Note that this is not an official EVLA pipeline. However, it may be useful in quick processing for first results, and also as an example for developing your own pipeline processing tasks.

You can find the Python task file here: File:Task mkpipeline.py, and the XML parameter file here: File:Mkpipeline.xml. Again, be sure to change the first letters to lowercase before running buildmytasks; they were set to uppercase by the wiki page uploader.

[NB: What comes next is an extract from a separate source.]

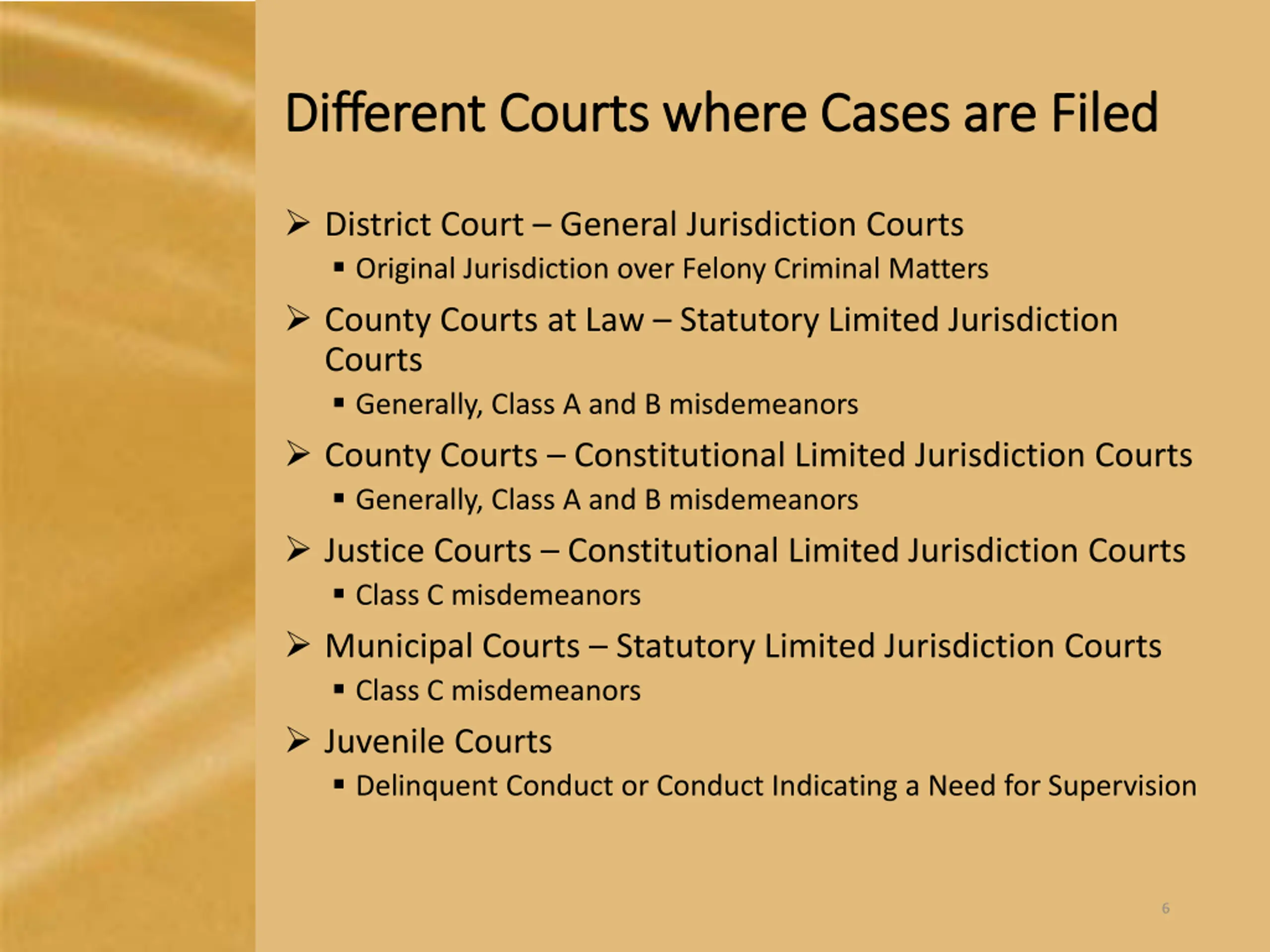 Different Courts where Cases are Filed Different Courts where Cases are Filed District Court General Jurisdiction Courts Original Jurisdiction over Felony Criminal Matters County Courts at Law Statutory Limited Jurisdiction Courts Generally, Class A and B misdemeanors County Courts Constitutional Limited Jurisdiction Courts Generally, Class A and B misdemeanors Justice Courts Constitutional Limited Jurisdiction Courts Class C misdemeanors Municipal Courts Statutory Limited Jurisdiction Courts Class C misdemeanors Juvenile Courts Delinquent Conduct or Conduct Indicating a Need for Supervision 6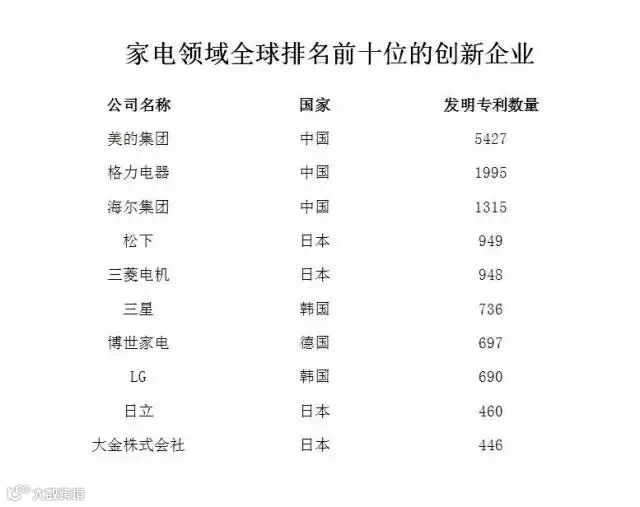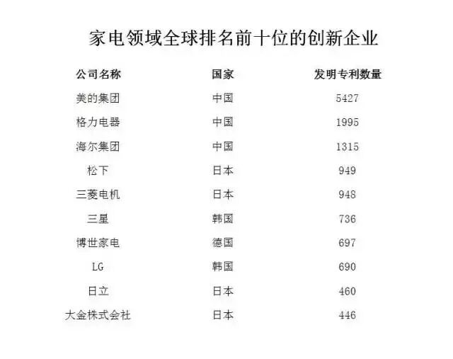 汤森路透发布的《2016年全球创新报告》显示,中国科研正在进入创新时代,不仅是科研机构,企业表现更加突出。以家电行业为例,排名前三甲的创新企业均来自中国,分别是美的、格力和海尔。从发明专利数量来看,美的以5427个专利数量遥遥领先。

Exploring the built-in CASA tasks

One great way to learn to tricks (and understand CASA more completely) is to look at the tasks within CASA. Finding the directories where the XML and Python code live can be a little tricky, since it varies for different operating systems. Try going to the directory where the CASA installation lives:

# In CASA
os.environ.get('CASAPATH').split()[0]

Then, in a terminal in this directory, type:

find . -name task_clean.py
find . -name clean.xml

This should point you to the directories where the relevant files live for all CASA tasks. Have fun exploring!

Automatically loading tasks on startup

So now you've written a task, and want to always have it available to you when you start CASA. There's a file that CASA will source every time on startup, which resides in your home directory in the hidden subdirectory .casa. Go to this directory, and create a file called init.py. In this file, put the line:

execfile('/<path_to_task_directory>/mytasks.py')

(In other words, the same command you used to load the task(s) into CASA before.) Note that this can sometimes cause problems, in case you update your version of CASA and it's incompatible with some tasks you have. However, it's easy enough to comment out this line before starting CASA, if you desire.